Measurement of thyroid hormones TSH and FT4	baseline and every 12 months	Changes in plasma levels of TSH and FT4 at every measurement versus screening. Blood samples will be drawn from the patient at baseline and every 12 month till end of study and plansa concentration of thyroid hormons TSH and FT4 will be assessed.

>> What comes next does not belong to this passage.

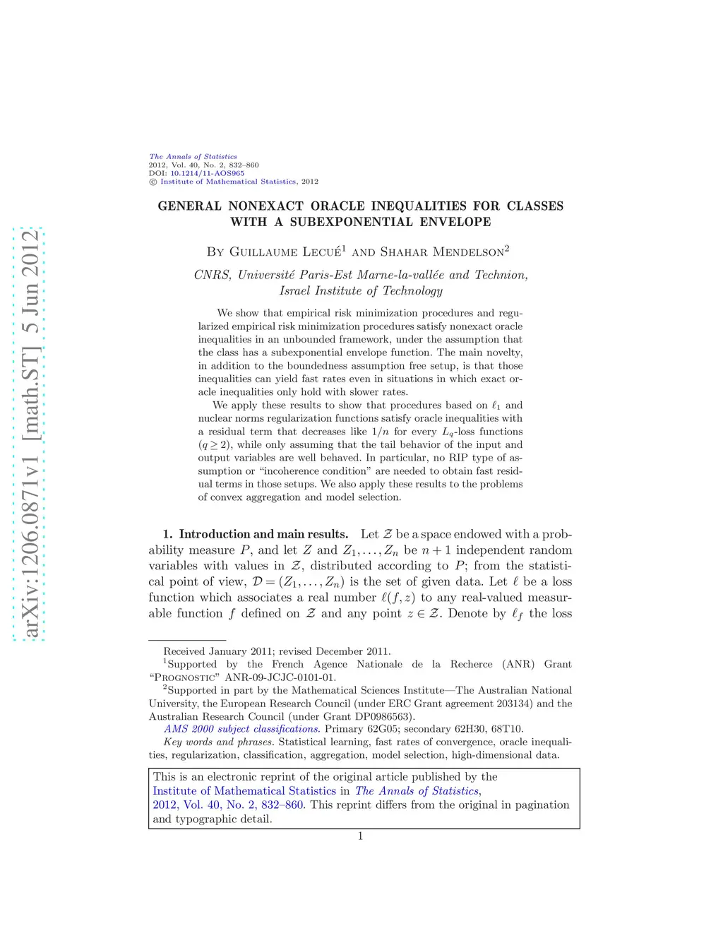 We show that empirical risk minimization procedures and regularized empirical risk minimization procedures satisfy nonexact oracle inequalities in an unbounded framework, under the assumption that the class has a subexponential envelope function. The main novelty, in addition to the boundedness assumption free setup, is that those inequalities can yield fast rates even in situations in which exact oracle inequalities only hold with slower rates. We apply these results to show that procedures based on and nuclear norms regularization functions satisfy oracle inequalities with a residual term that decreases like for every -loss functions (), while only assuming that the tail behavior of the input and output variables are well behaved. In particular, no RIP type of assumption or "incoherence condition" are needed to obtain fast residual terms in those setups. We also apply these results to the problems of convex aggregation and model selection.

Changes in endocrine funcionts parameters	baseline and monthly till EOS	- Female patients will be assessed for the presence or absence of menses every month versus baseline .Use of current hormonal replacing therapy, if any (e.g. thyroxin therapy for patients with non-compensated hypothyroidism, hormonal replacement drugs for hypogonadal patients) will be checked on a monthly basis versus baseline
Glucose of OGTT ( AUC)	baseline and every 6 months measurement of 2hour Glocose of OGTT	change in of glucose metabolism during deferasirox treatment measuring the change versus baseline of 2-hr and fasting glucose plasma level of OGTT.After a 12-hour overnight fasting, at zero time (baseline) blood sample will be drawn and afterwards patients will receive a glucose-equivalent oral challenge (75 grams). After glucose loading plasma samples will be drawn at 30, 60, 90, 120 minutes for determination of plasma glucose . This will be repeated every 6 months till end of study
Changes in parameters of bone metabolism	baseline, monthly or every 6 months till end of study	- Blood samples wiil be drawn to measure levels of serum calcium, phosphorus, alkaline phosphatase, vitamin D levels (25-hydroxycholecalciferol), serum calcium, parathormone (intact 1-84 PTH) from baseline to the end of study. Blood samples will be drawn to assess also Vitamin D and parathormone at baseline and then every six months. The intact parathormone will be assessed by evaluating the 1-84 PTH form. Inorganic phosphorus, serum calcium will be assessed at baseline and then monthly; alkaline phosphatase will be evaluated at baseline, every two weeks during the first month of treatment and monthly thereafter till EOS.